Coping with a Passive Aggressive Partner
Diane was angry at Al, her passive aggressive husband who disrespected her every day of their marriage. It was driving her crazy. She felt like she was worthless. Her husband would avoid any responsibility by saying, “It’s not my fault I forgot. You should have reminded me.”
Diane wasn’t even aware that Al’s antagonism was making her angry, or that her anger had no place to go. As a child, she couldn’t afford the luxury of expressing anger. Her mother was depressed and wouldn’t tolerate her outbursts. She dismissed Diane’s anger for years.
Diane is angry at herself for being a people pleaser and trying to live up to everyone’s standards, but her own. At age 46, she is on the verge of collapse.
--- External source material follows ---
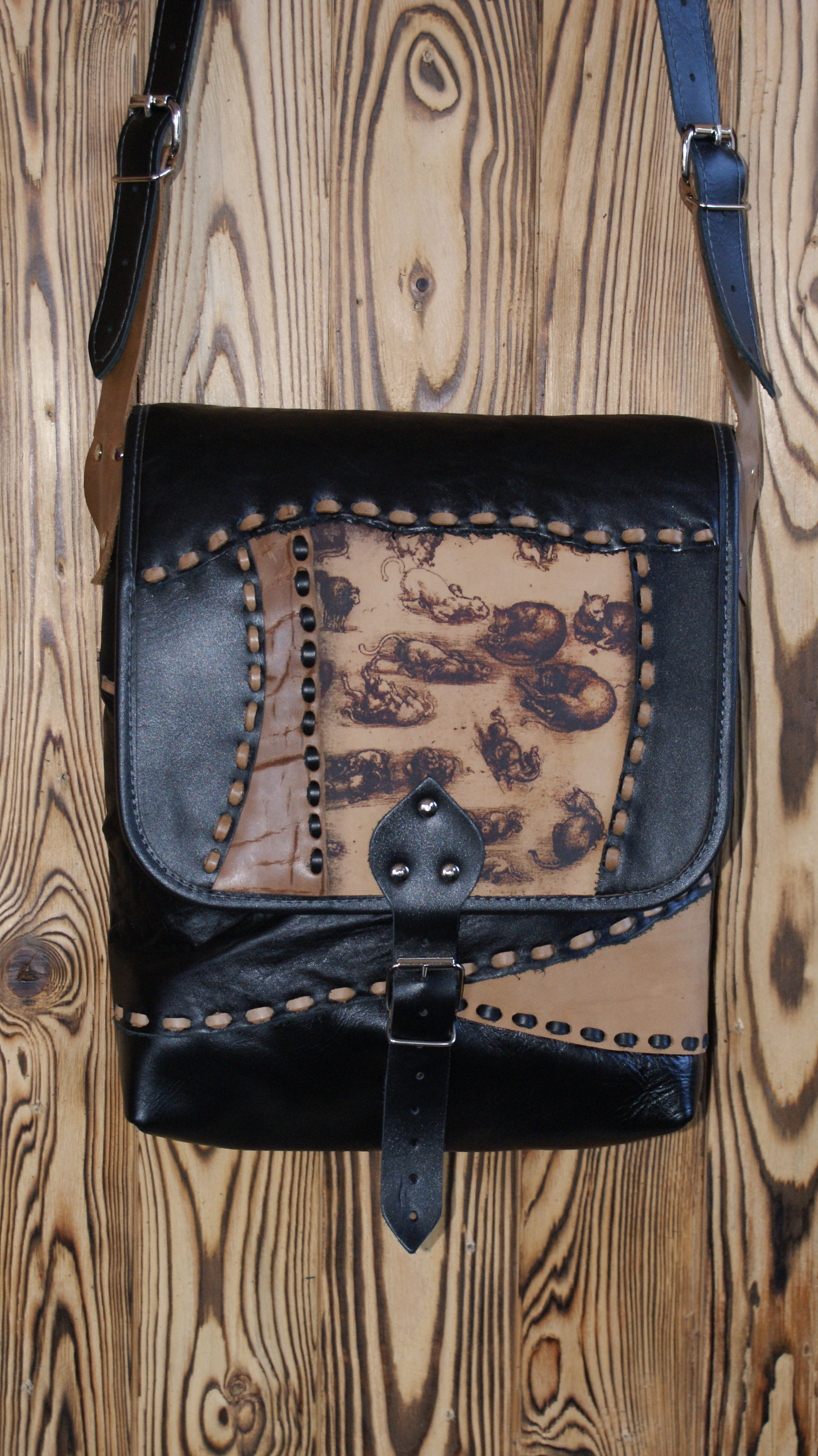 Ciekawa, wykonana w 100% ze skóry, torba skórzana, rękodzieło.

She thought the only way to save her sanity would be to divorce her husband of 28 years and find another partner.
In counseling, she was given the power of choice. She had it all along. She just didn’t know how to use it. She could choose to engage Al in a mutually destructive screaming match over guilt, fault and blame. Or she could express her anger at Al like a grownup. She chose Plan B.
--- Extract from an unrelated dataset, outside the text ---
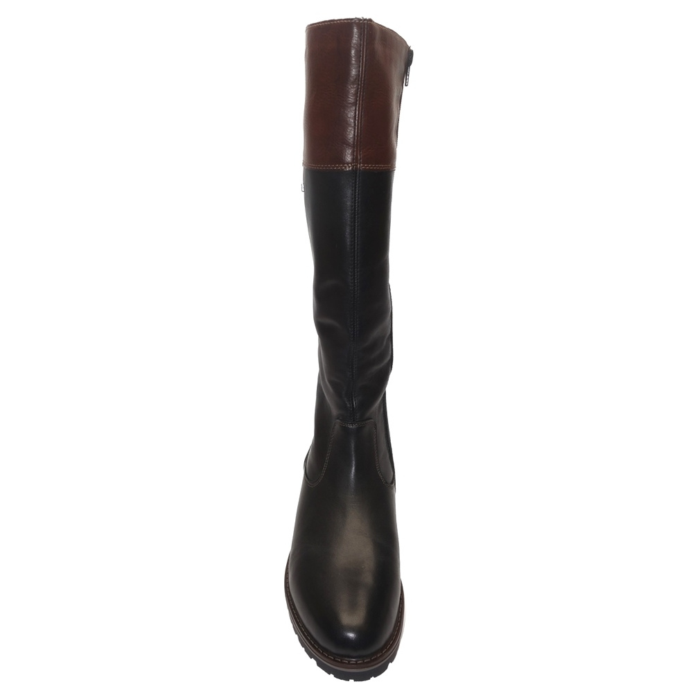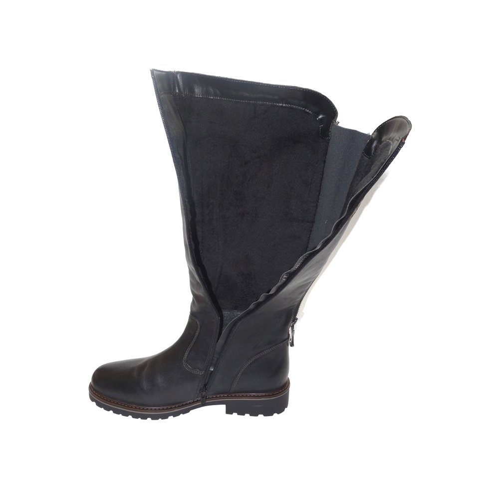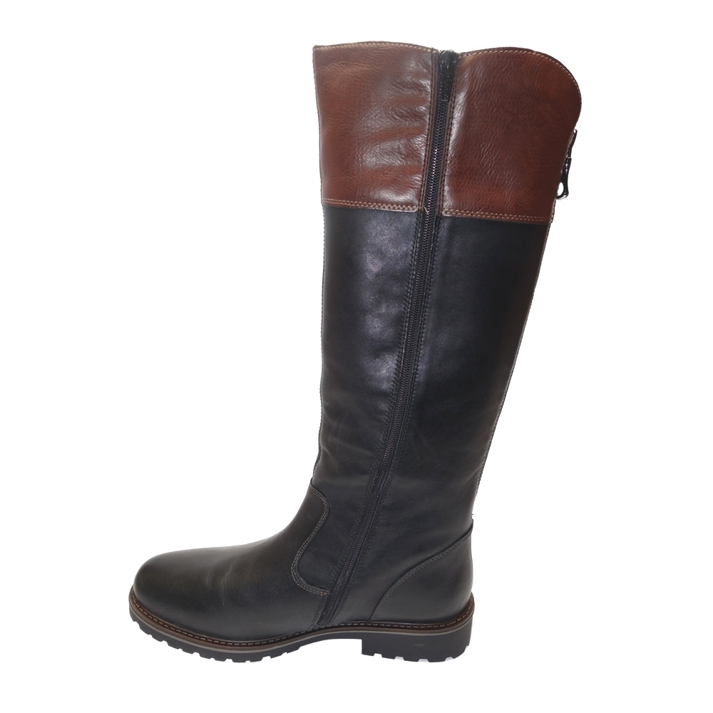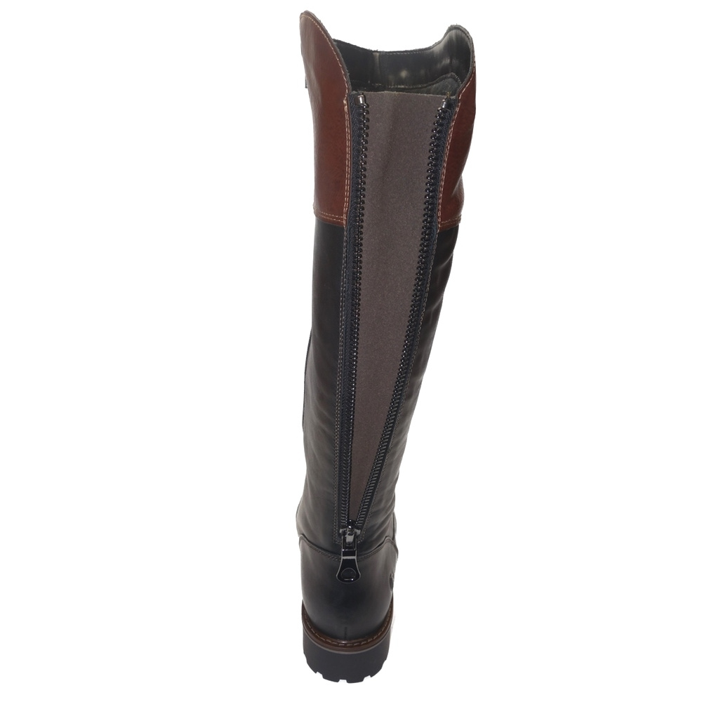 Dámské zimní vycházkové kozačky značky Remonte. Svršek je kombinací hladké kůže a syntetiky, podšívka textilní (vrchní část - umělý kožíšek, spodní část - fleece), stélka textilní (fleece), podešev syntetická. Stélka je vyjmutelná a vyměkčená. Barva je černo-hnědá (schwarz kombi). Šíře lýtka je vario-L (rozepnutím zipu a uvolněním klínku v zadní části lze zvětšit šíři lýtka na XL, 40-46 cm). Obuv je vybavena membránou REMONTE-TEX. Obuv je na straně opatřena zipem pro snažší obutí. Obuv je vhodná na nošení do města a v upraveném přírodním prostředí (parky, lesní a polní cesty apod.).

Diane said, “Al, I’m angry at you for being irresponsible. You do no take accountability for the consequences of your choices.”
Al: “Are you trying to make me feel guilty?”
Diane: “No. It isn’t a matter of guilt, fault or blame. It’s a matter of happiness.”
Al: “What do you want me to do about it?”
Diane: “Oh, no. I’m not going to fall into that trap. You’ll do just the opposite and blame me when it doesn’t work. I’m not telling you what I want. You have a mind of your own. You think of something. It will be your choice to do it or not. It’s up to you.”
Al: “Oh, yeah, well I’m angry at you for telling the neighbor you want a divorce.”
Diane: “I don’t blame you for being angry. I’m glad you can tell me that because if you don’t tell me, I won’t know. I’m not a mind reader and neither are you. I regret I made you angry, but that’s the way I feel sometimes.”
Al shut up. It was an all-time first. There was some movement here. That’s how we know things are changing
I asked Diane how she felt afterwards. She had made some new choices, not against her husband, but for herself. She had used her own mature, independent judgment. She had chosen to replace her old good intention to make him understand, which he could defeat by saying, “I don’t understand.” Instead, she told the truth and was honest. She was doing what pleased her for a change. In doing so, she began the process of replacing a lifetime of self-doubt with feelings of self-respect. This is called “Telling The Truth” and it took courage to say these things to Al for the first time.
Who gave her the courage to overcome a lifetime of discouragement? She gave it to herself.